What the Law Actually Means
A minimum wage law does not force an employer to hire or retain a worker at the minimum wage. In responding to a rate increase, the employer is perfectly free to fire any worker paid less than the new minimum wage and is certainly free to abstain from hiring new workers at the new minimum wage. Because many employers initially do in fact choose to raise wages instead of laying people off, we lose sight of the fact that this is purely at the employer’s discretion. Thus, the stated aim of the law is only achieved at the option of the employer whose hands the law sought to tie in the first place. The employer retains the option of hiring workers or retaining workers and paying them the increased wage, or firing them and replacing them with a smaller number of more highly paid workers and/or replacing workers with technology. The "greedy" capitalist gets the last move.
Thus, we might call this policy the optional minimum wage law to more realistically describe its legal impact. On the other hand, the law absolutely forbids the employment of workers at less than the minimum wage. There is no option there. Thus, again in the interest of using more accurate terminology, we could call the law a mandatory unemployment law. If the employer deems a worker’s productivity to be less than the newly required wage, and chooses not to retain that worker for purely sentimental reasons, it is mandatory that that worker be fired.
The Minimum Wage Law Causes Unemployment
This discussion of the legal ramifications of the minimum wage laws leads directly to an economic analysis of the law. The law will cause all those workers whose productivity falls below the new wage rate to be fired. Keep in mind that raising the minimum wage imposes new costs on the employer for Social Security, unemployment insurance and other costs. All these costs and not just the marginal wage increase will be considered by the employer in determining whether and which workers to fire. Also, it is a mistake to assume that merely because a certain worker is retained under the new law, that such retention will be permanent. The sudden firing of a worker can cause disruption that outweighs the marginal lost profits from temporarily keeping a worker who produces less gross revenue than he or she is paid. Rather, the true effects of the law are best seen in the longer term. For example, where have all the theater ushers gone? They were not all fired at once but gradually disappeared as it became more expensive to hire them.
There are studies that purport to disprove with statistics what economic logic tells us: the minimum wage causes unemployment. One study concluded that employment in fast food restaurants increased when the minimum wage increased. However, all economic logic says is that, all things being equal, the minimum wage will cause unemployment, or to put it differently, the minimum wage will lead to a situation in which fewer people are employed than if there was no minimum wage. Thus, we can say that, in the example cited, without the minimum wage, employment would have grown even faster. It is also true that an empirical study that showed that employment rose when the minimum wage was repealed would not definitely prove the theory because employment might have risen for some other reason!
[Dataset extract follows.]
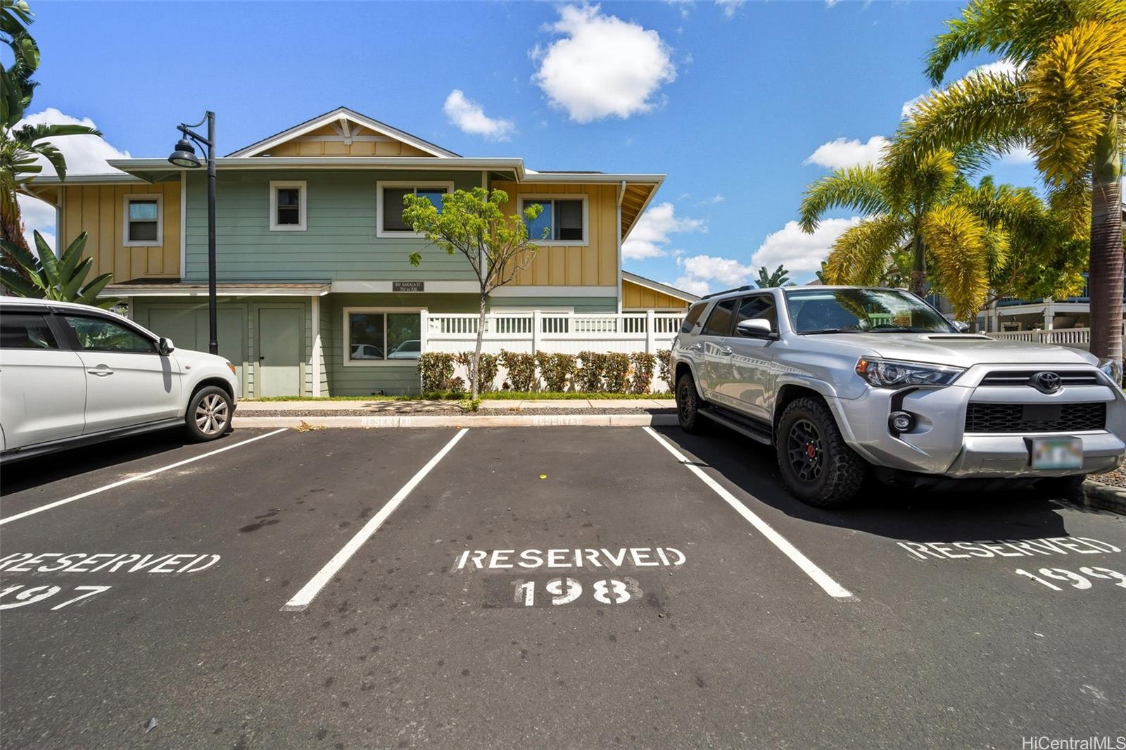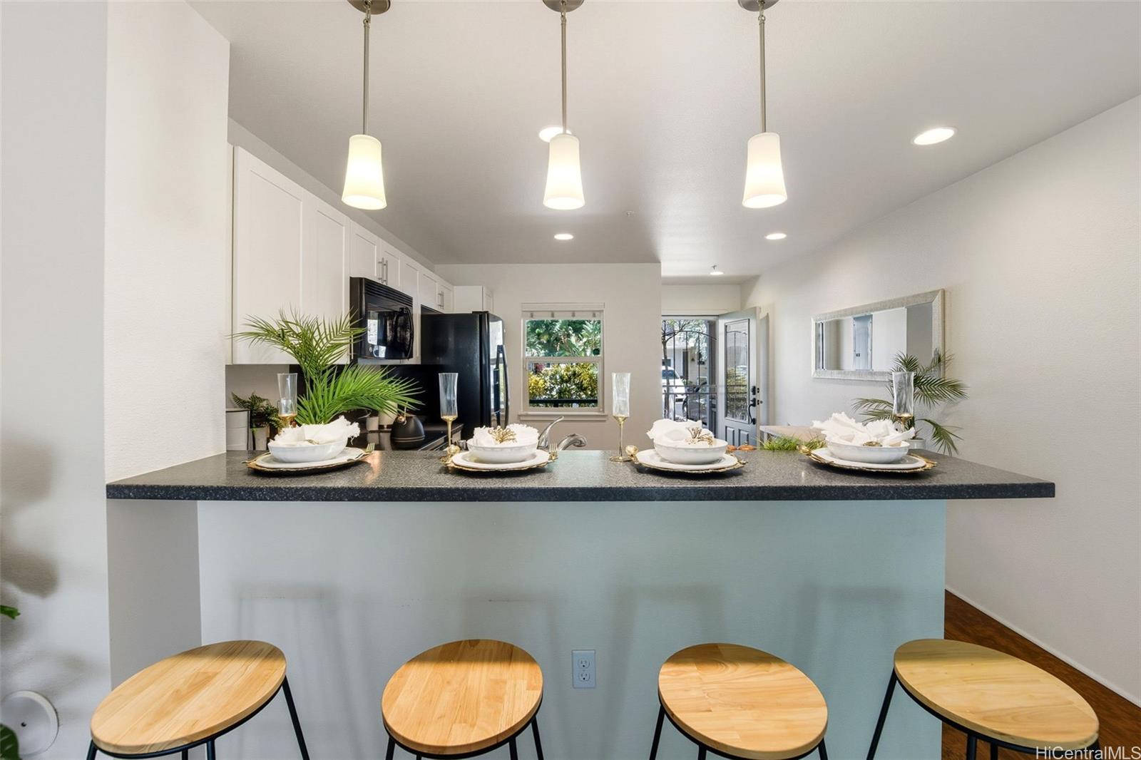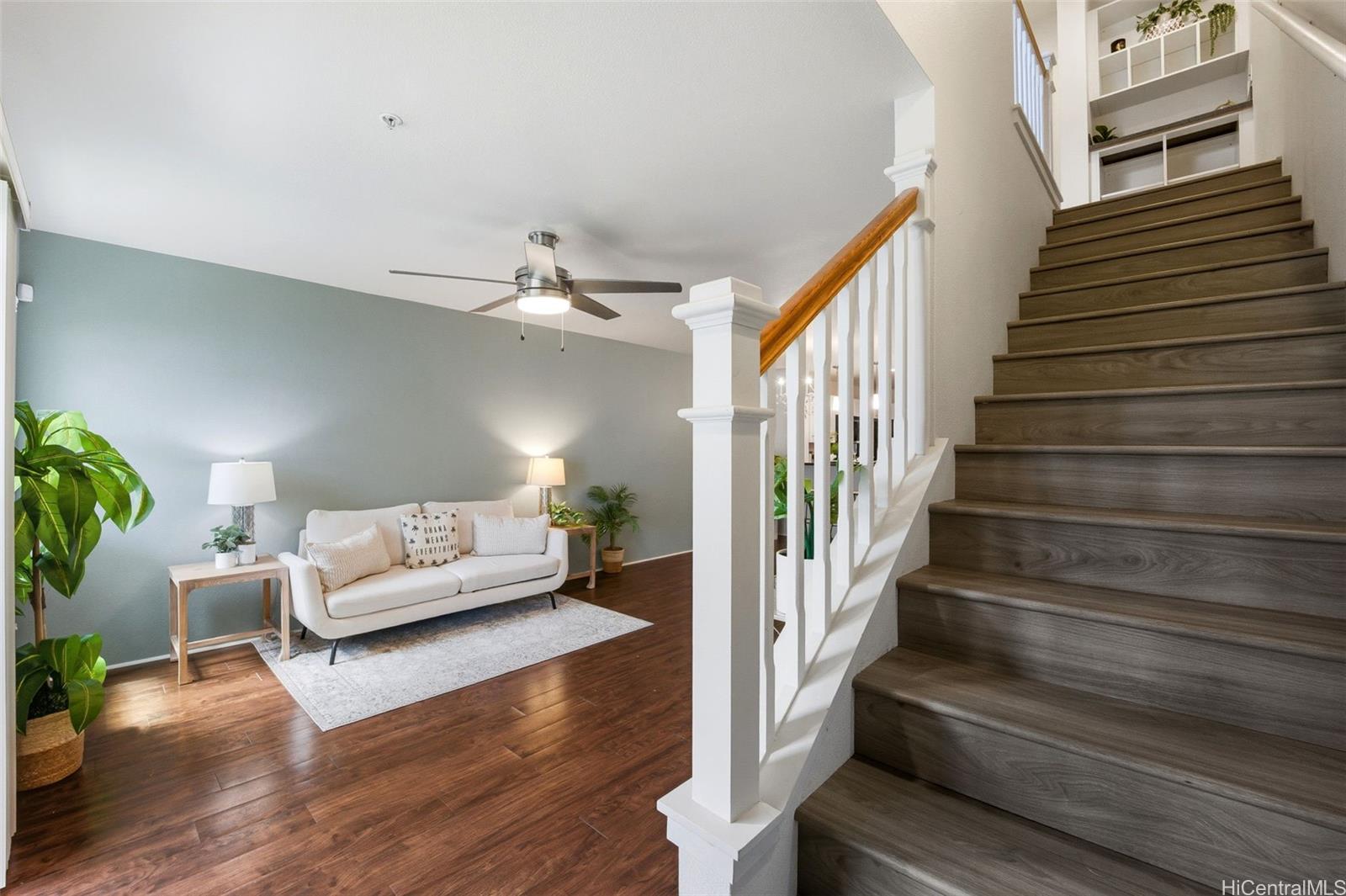 Rarely available in Mehana Olino! This one of a kind 2 story townhome has NO unit above or below and boasts one of the lowest maintenance fees in Kapolei, all while giving you the lifestyle you’ve been looking for. Featuring 2 full bathrooms upstairs, a convenient ½ bath downstairs, and 2 assigned parking stalls just steps away. Enjoy your own private backyard with low maintenance synthetic turf and a cozy lanai, perfect for relaxing or entertaining. Inside, you’ll love the upgraded luxury vinyl plank flooring throughout, Corian kitchen counters, shaker cabinets, and newer appliances (dishwasher, washer, dryer). Split A/C units are installed in every room and living area to keep the home cool and comfortable year round, especially on the cooler side of the community.

Economic logic tells us that the minimum wage causes unemployment compared to economies without a minimum wage. In the real world, there are so many variables that affect the level of employment that no empirical study can definitely disprove our thesis. Without veering into the complex subject of the methodology of economics, suffice it to say that we use economic theory to explain real world experience, not the reverse.
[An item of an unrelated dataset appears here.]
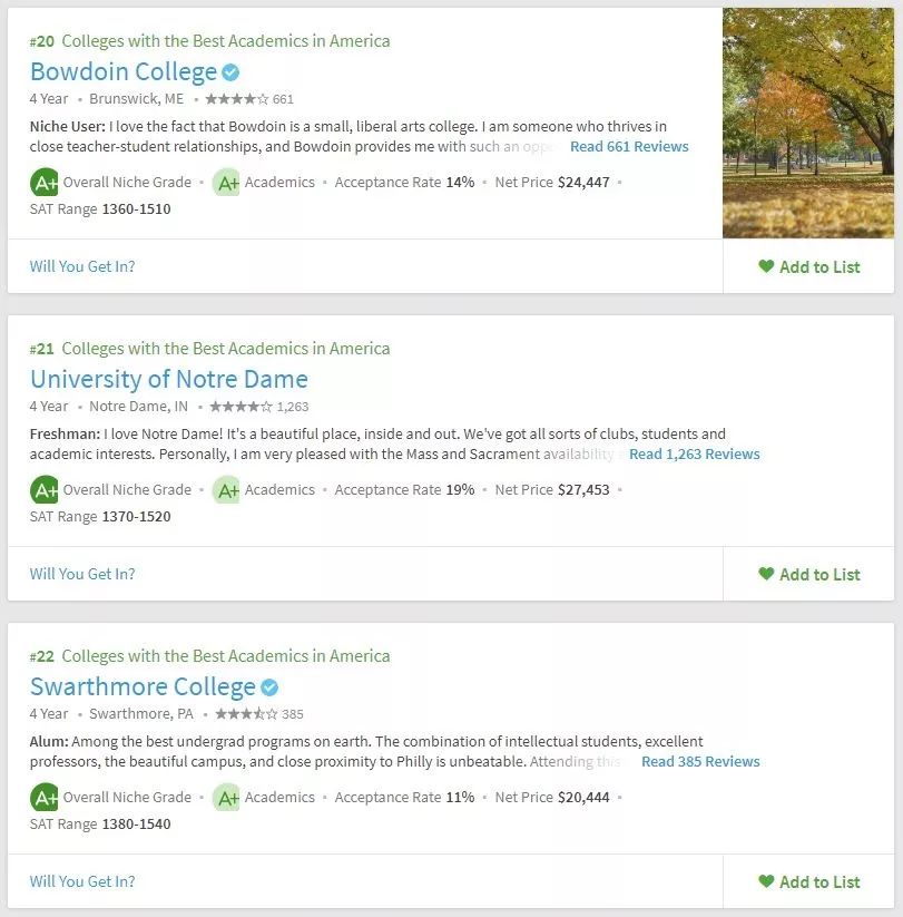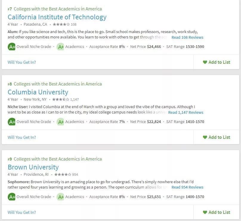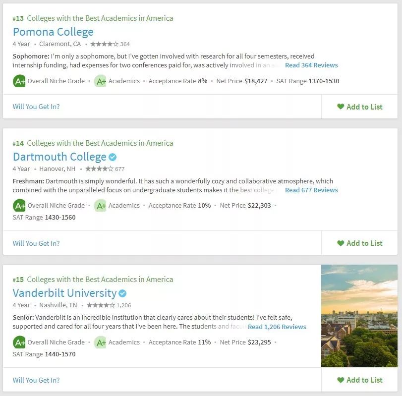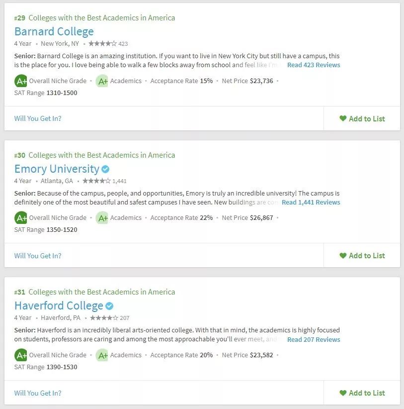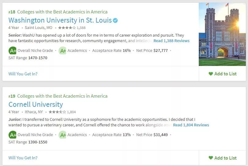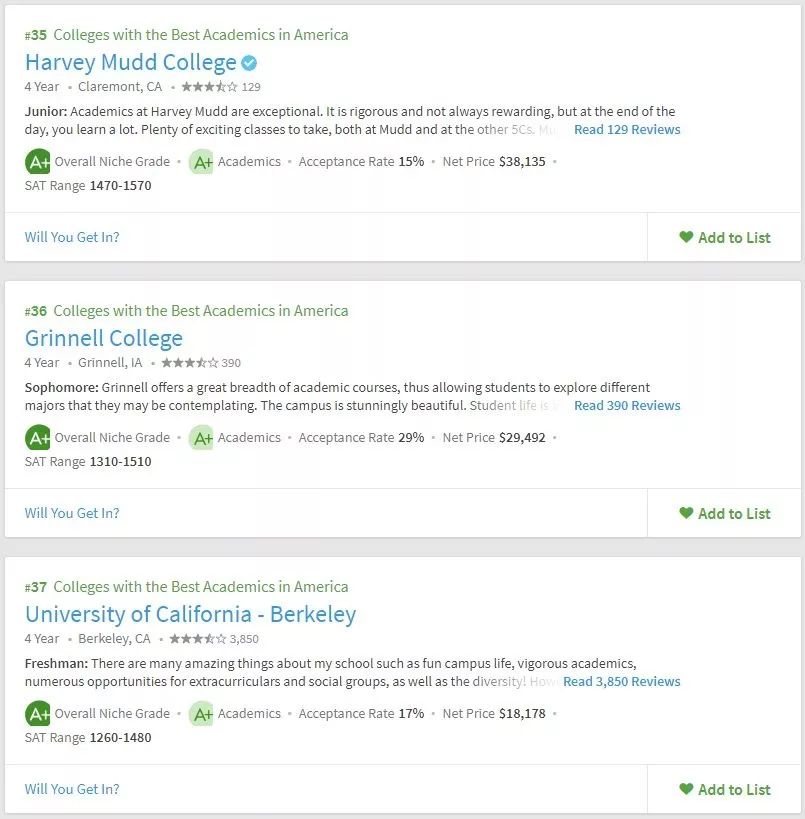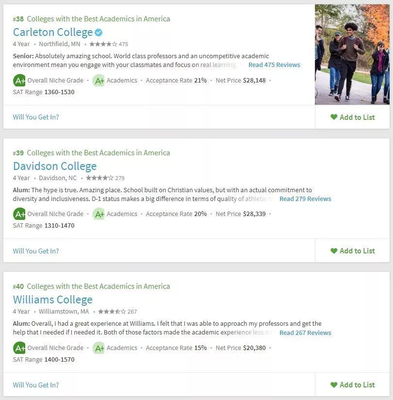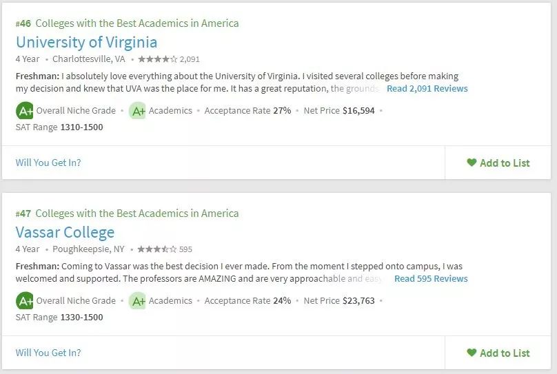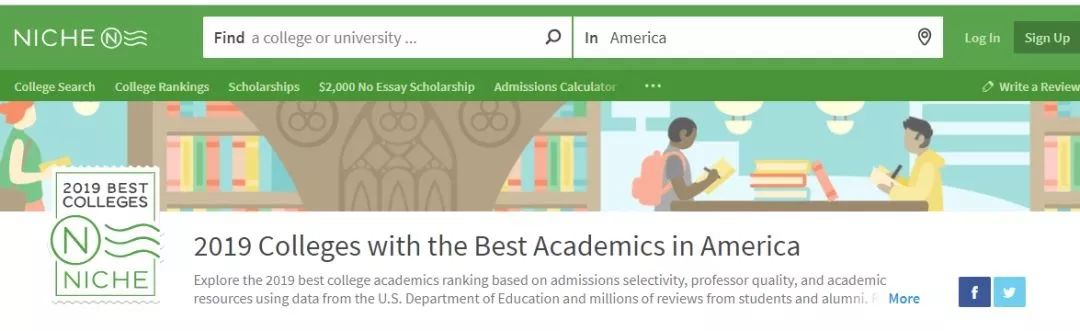 美国留学申请,择校要参考多方面的东西,不能紧盯着US.News,要从多方面去综合衡量院校情况。所以学校的学术氛围你必须得关心吧。Niche在学术方面给出了两个排名,一个是全美最佳学术大学,一个是全美最佳教授大学。
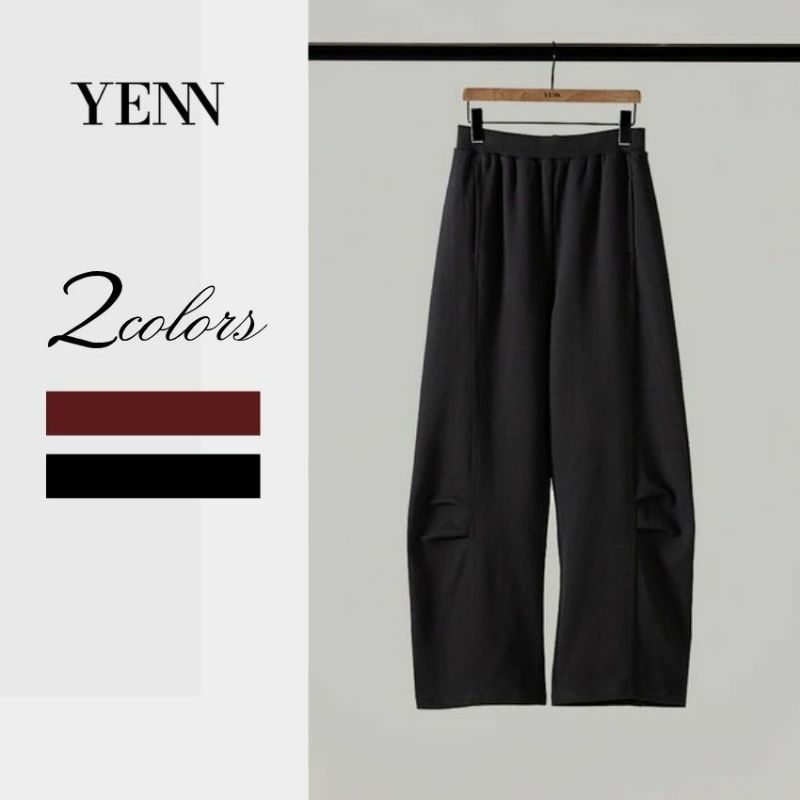 膝に入れたタックが生み出すカーブシルエットが、さりげなくモードな雰囲気をプラス。

Tragically, those priced out of the labor markets by the minimum wage are often young, unskilled, high school drop-outs, or minorities. Those who most need that first unskilled, low-wage job are most likely to be economically and legally unemployable after the wage rate is raised.
Thus, the first obvious effect of the minimum wage is to cause unemployment among the least skilled and most disadvantaged workers!
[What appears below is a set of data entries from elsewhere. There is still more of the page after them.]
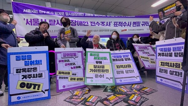 전장연 “심각한 인권침해, UN장애인권리협약 위반”
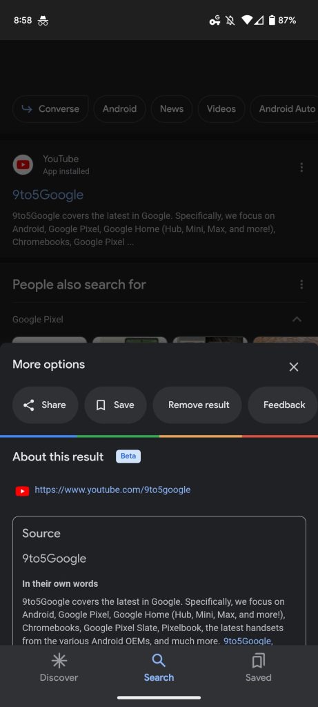 Sharing brings up either the Chrome share sheet or Android’s native panel if you’re using the Google app. It includes the site name and URL by default, while the bookmark icon adds it to the “Saved” (google.com/save) Collections feature. On mobile, the Add to Sheets experiment, which you have to enable, does not show up.
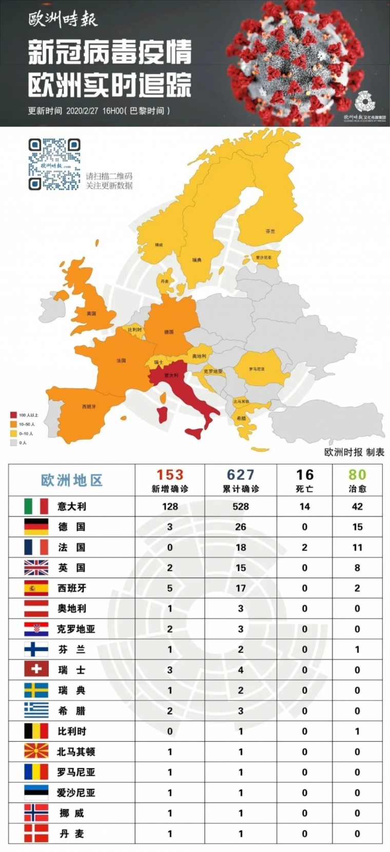 在欧洲其他国家,也都陆续报告了确诊病例,很多病例都与“意大利”有关。
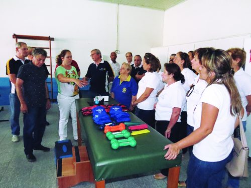A fisioterapeuta Gisele Zuqueto explica a funçã dos aparelhos doados: gratidão ao pedido atendido

Can’t employers keep such workers on the payroll and simply shift the cost to their customers in the form of higher prices? Economist Walter Block says no:
It is my view that in equilibrium nothing will be shifted onto consumers. Instead, what will happen is that those whose marginal revenue product (MRP) (productivity) falls below the new minimum wage level will simply no longer be employed.
The only additional costs will not be those of paying someone more than his MRP. For example, paying $7.00 per hour to someone who is only worth $6.00. (At a minimum wage of $5.15 such a person could be employed. But at $6.00 MRP, he can no longer be employed, in equilibrium.) No, the only costs will be rearranging things so that there is now a greater demand for a few people with higher productivity, say $10 per hour (and more sophisticated capital equipment) to take the place of all those whose productivity falls into the range $5.15—$7.00. These people, like our guy with MPR = $6, can no longer work. This disruption is costly.
Other Costs of the Minimum Wage Law
There are other effects. As Economist Joseph Salerno has argued, with fewer people working, overall wealth declines:
First, since fewer laborers are now employed, aggregate production will be reduced and overall prices will rise, driving down real wages and incomes of consumers. Second, and perhaps more importantly, the allocation of resources will be distorted and production diverted from the most efficient service to consumer demands by what Walter Block calls “the costs of rearranging things.” Distortions of the allocation of capital goods from higher- to lower-valued uses were visible in the postwar years when increases in the minimum wage drove urban real estate owners to (prematurely) fire elevator operators and replace manually operated elevators with automatic elevators built, installed and serviced by skilled union laborers and to fire movie ushers and replace them with automatic lighting, again installed and serviced by union workers. Consumers suffered because the scarce capital required for this automation was prematurely and uneconomically withdrawn from higher-valued uses.
What happens to the unemployed? They do not simply vanish. They must survive somehow. Not being gainfully employed, they live off the generosity of family and friends, secure public assistance, beg, work in the black market or become common criminals. They become burdens on society. If they become criminals, they become a severe burden on society, far beyond their cost of daily living.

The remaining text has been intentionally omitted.